WHAT TO WORK ON -> In the records below, find the line containing "- Features an", then print it and every following line exactly, through the last, without pictures.

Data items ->
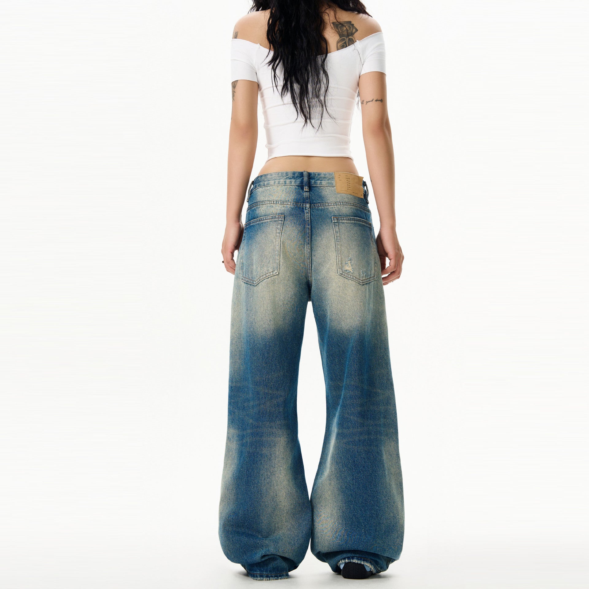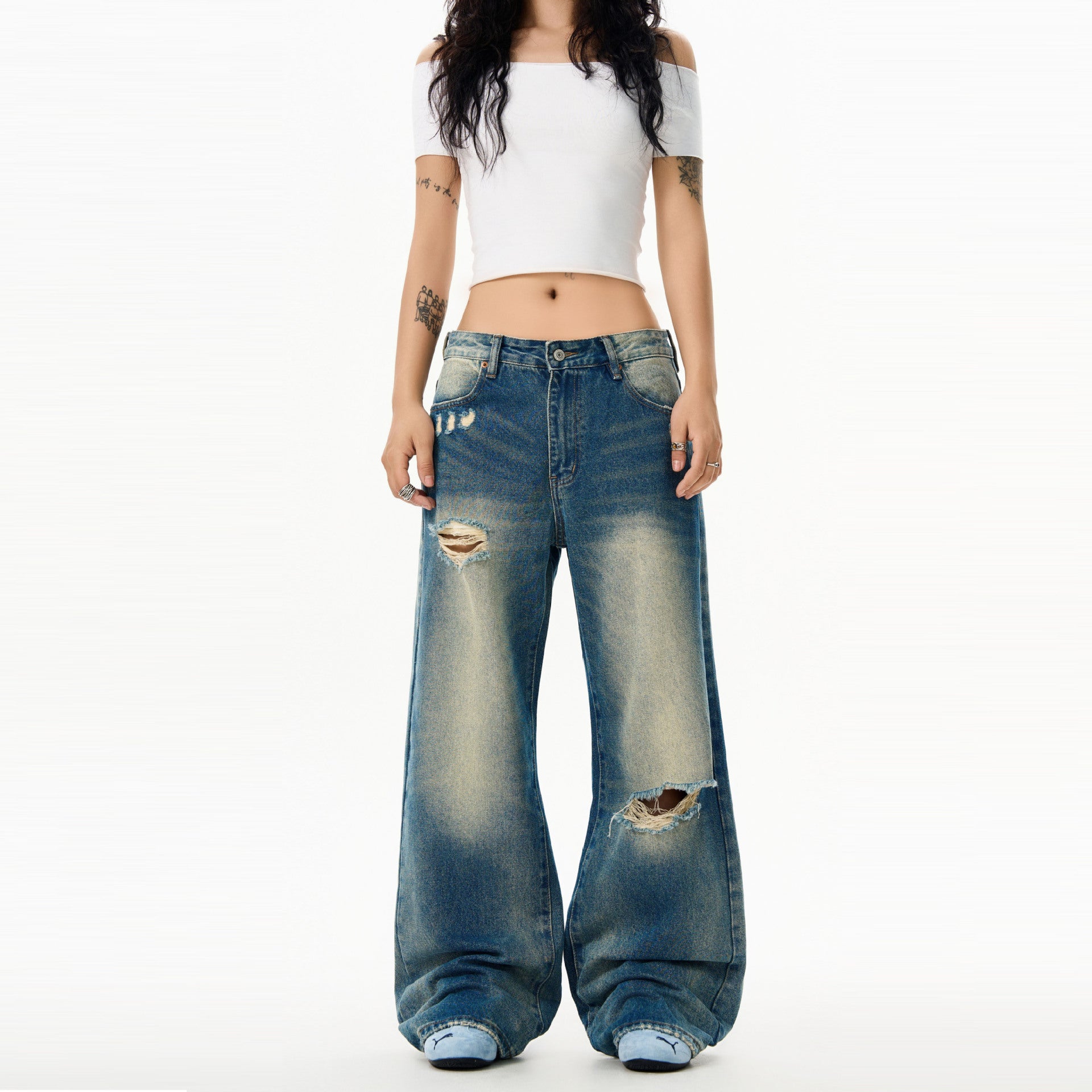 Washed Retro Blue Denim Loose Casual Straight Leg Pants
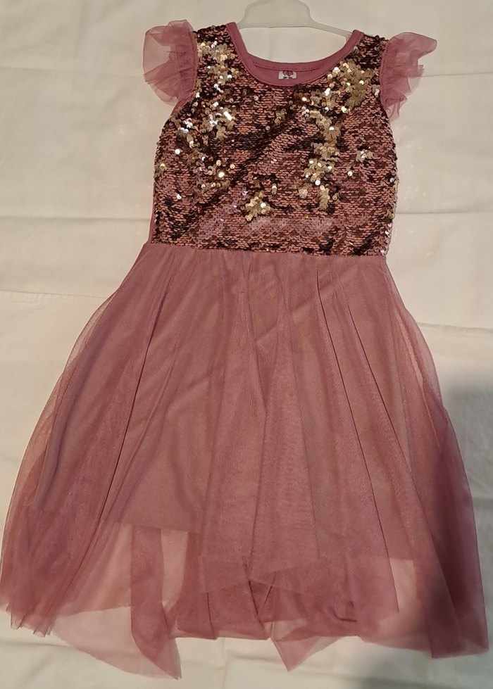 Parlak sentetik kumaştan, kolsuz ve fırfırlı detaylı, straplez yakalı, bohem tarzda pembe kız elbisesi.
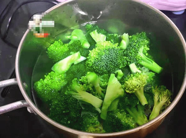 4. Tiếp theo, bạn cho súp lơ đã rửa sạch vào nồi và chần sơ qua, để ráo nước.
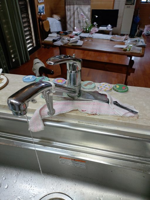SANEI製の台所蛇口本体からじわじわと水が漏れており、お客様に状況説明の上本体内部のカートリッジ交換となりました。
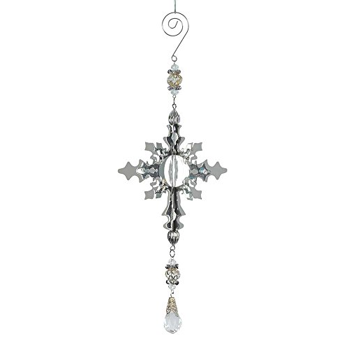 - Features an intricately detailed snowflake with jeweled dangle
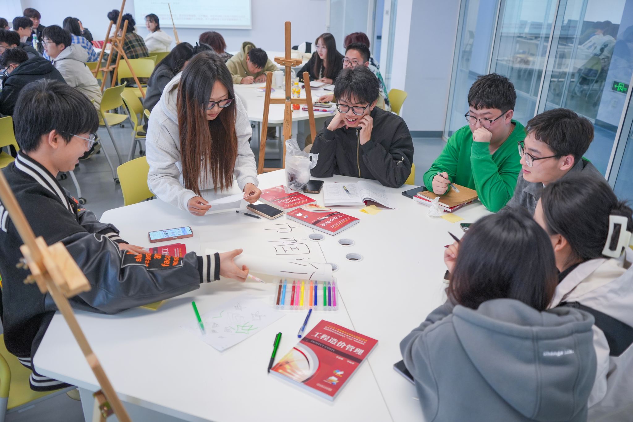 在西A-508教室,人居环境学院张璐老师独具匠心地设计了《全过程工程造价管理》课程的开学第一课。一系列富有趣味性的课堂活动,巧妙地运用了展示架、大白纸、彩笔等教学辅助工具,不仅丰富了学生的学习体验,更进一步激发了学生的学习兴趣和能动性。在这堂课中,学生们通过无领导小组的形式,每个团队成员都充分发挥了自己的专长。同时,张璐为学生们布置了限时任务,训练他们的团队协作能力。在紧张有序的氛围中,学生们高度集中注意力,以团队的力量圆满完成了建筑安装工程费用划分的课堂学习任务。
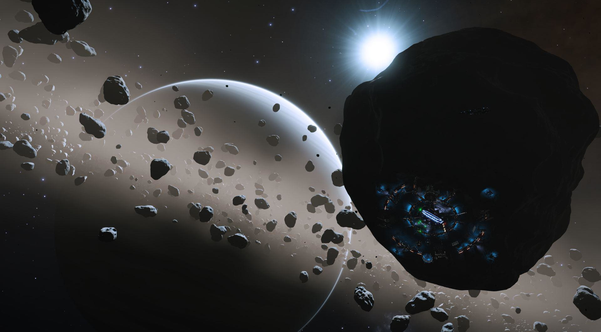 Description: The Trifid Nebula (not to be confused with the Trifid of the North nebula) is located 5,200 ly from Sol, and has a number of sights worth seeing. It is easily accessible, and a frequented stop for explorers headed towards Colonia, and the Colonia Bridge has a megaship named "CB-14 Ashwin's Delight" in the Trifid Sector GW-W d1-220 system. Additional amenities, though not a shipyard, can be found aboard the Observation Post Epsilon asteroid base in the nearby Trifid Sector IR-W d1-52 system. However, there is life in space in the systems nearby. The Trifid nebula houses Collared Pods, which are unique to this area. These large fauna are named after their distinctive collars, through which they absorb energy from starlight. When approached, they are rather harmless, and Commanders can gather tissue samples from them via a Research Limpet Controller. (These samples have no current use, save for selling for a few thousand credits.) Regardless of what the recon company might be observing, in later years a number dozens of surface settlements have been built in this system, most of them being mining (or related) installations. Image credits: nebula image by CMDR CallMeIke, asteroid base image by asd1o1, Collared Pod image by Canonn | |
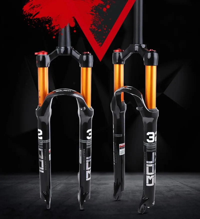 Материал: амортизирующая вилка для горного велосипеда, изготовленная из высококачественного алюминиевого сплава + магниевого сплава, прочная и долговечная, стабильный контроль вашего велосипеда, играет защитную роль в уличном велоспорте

ANSWER SPACE ->
 - Features an intricately detailed snowflake with jeweled dangle
 在西A-508教室,人居环境学院张璐老师独具匠心地设计了《全过程工程造价管理》课程的开学第一课。一系列富有趣味性的课堂活动,巧妙地运用了展示架、大白纸、彩笔等教学辅助工具,不仅丰富了学生的学习体验,更进一步激发了学生的学习兴趣和能动性。在这堂课中,学生们通过无领导小组的形式,每个团队成员都充分发挥了自己的专长。同时,张璐为学生们布置了限时任务,训练他们的团队协作能力。在紧张有序的氛围中,学生们高度集中注意力,以团队的力量圆满完成了建筑安装工程费用划分的课堂学习任务。
 Description: The Trifid Nebula (not to be confused with the Trifid of the North nebula) is located 5,200 ly from Sol, and has a number of sights worth seeing. It is easily accessible, and a frequented stop for explorers headed towards Colonia, and the Colonia Bridge has a megaship named "CB-14 Ashwin's Delight" in the Trifid Sector GW-W d1-220 system. Additional amenities, though not a shipyard, can be found aboard the Observation Post Epsilon asteroid base in the nearby Trifid Sector IR-W d1-52 system. However, there is life in space in the systems nearby. The Trifid nebula houses Collared Pods, which are unique to this area. These large fauna are named after their distinctive collars, through which they absorb energy from starlight. When approached, they are rather harmless, and Commanders can gather tissue samples from them via a Research Limpet Controller. (These samples have no current use, save for selling for a few thousand credits.) Regardless of what the recon company might be observing, in later years a number dozens of surface settlements have been built in this system, most of them being mining (or related) installations. Image credits: nebula image by CMDR CallMeIke, asteroid base image by asd1o1, Collared Pod image by Canonn | |
 Материал: амортизирующая вилка для горного велосипеда, изготовленная из высококачественного алюминиевого сплава + магниевого сплава, прочная и долговечная, стабильный контроль вашего велосипеда, играет защитную роль в уличном велоспорте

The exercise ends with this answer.